北島酒造は、「きもとづくり」に取り組んでいます。きもとづくりは、現存する酒づくりの技法のなかでもっとも伝統的な技。理想の食中酒を追求したらきもとづくりにたどりつきました。
理想はクラシックな味わい。だから技法もクラシック。
日本酒は、酒母(しゅぼ)が味の決め手のひとつです。 酒母は、酵母を培養して大量に増殖させたもので「もと」ともいわれ、文字通り「酒のもと」になります。
そのつくりかたは、いくつかありますが、「きもと」は空気中の硝酸還元菌や乳酸菌を利用し、雑菌の繁殖を抑えて酵母を育てる方法で、酒づくりの原点といえます。「もと擦り」とよばれる作業が重労働なうえ、完成まで30日以上かかるため、既製品の乳酸菌を添加し1~2週間でつくることのできる「速醸もと」が開発された明治時代以降は廃れていきました。
しかし、私たちは、その酒の味わいに惚れ込み、あえて伝統的な手法を取り入れました。
その温度管理は、酒母を低温に保ちながら3℃上げて2℃下げる、数日かけて5℃上がったものを4℃下げる、といった具合です。一気に温度を上げて発酵をすすめたり、腐敗をどうにか誤魔化そうとしたきもとは、雑味でゴツゴツした味になります。逆に、誤魔化しのないきもとは、奥に引き込まれるようにスッと体に馴染みます。

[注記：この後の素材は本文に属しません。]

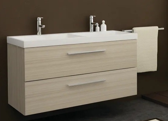 1) Тумба с раковиной Kolpa-san Jolie OUJ 120/2 120.6х66 см ДСП с ПВХ-пленкой сатин дуб

北島酒造では、あせらずゆっくり誤魔化しのないきもとづくりをしています。そして、そのノウハウをすべての酒造りに活かしています。
きもとづくりの酒には表現力があります。たとえばコンパスではなくフリーハンドで描いたほうが、味のある円が描けるように。
長い発酵期間のあいだ、あらゆる菌との争いに勝ち抜いた酵母は、コクがありながらキレのある酸がきいた完全発酵の酒を醸します。そうした酒は熟成に耐え、燗で力を発揮します。
それが、北島が考える「きもと The Sake クラシック」です。
きもとづくりの酒に限ったことではありませんが、当蔵はほとんどの酒を「泡あり酵母」で仕込んでいます。 かつてはどの蔵も泡あり酵母でしたが、たくさん仕込めて掃除がラクという理由で、今はほとんどの蔵が泡なし酵母を使用しているといってよいでしょう。
人によっては、泡ありも泡なしもできたお酒の味は同じと言います。 でも、わかる人にはわかる。水泡、玉泡、筋泡、岩泡・・・、その泡を見てこそ酵母と「会話」ができるのです。
そして、その味わいは酸がくっきりしており、コクとバランスが取りやすく、きもとづくりと相性が抜群です。軽快な現代風の泡なし酵母には出せない味わいです。
もっともっと酒に奥行きと幅を。だから、泡あり酵母を使用しています。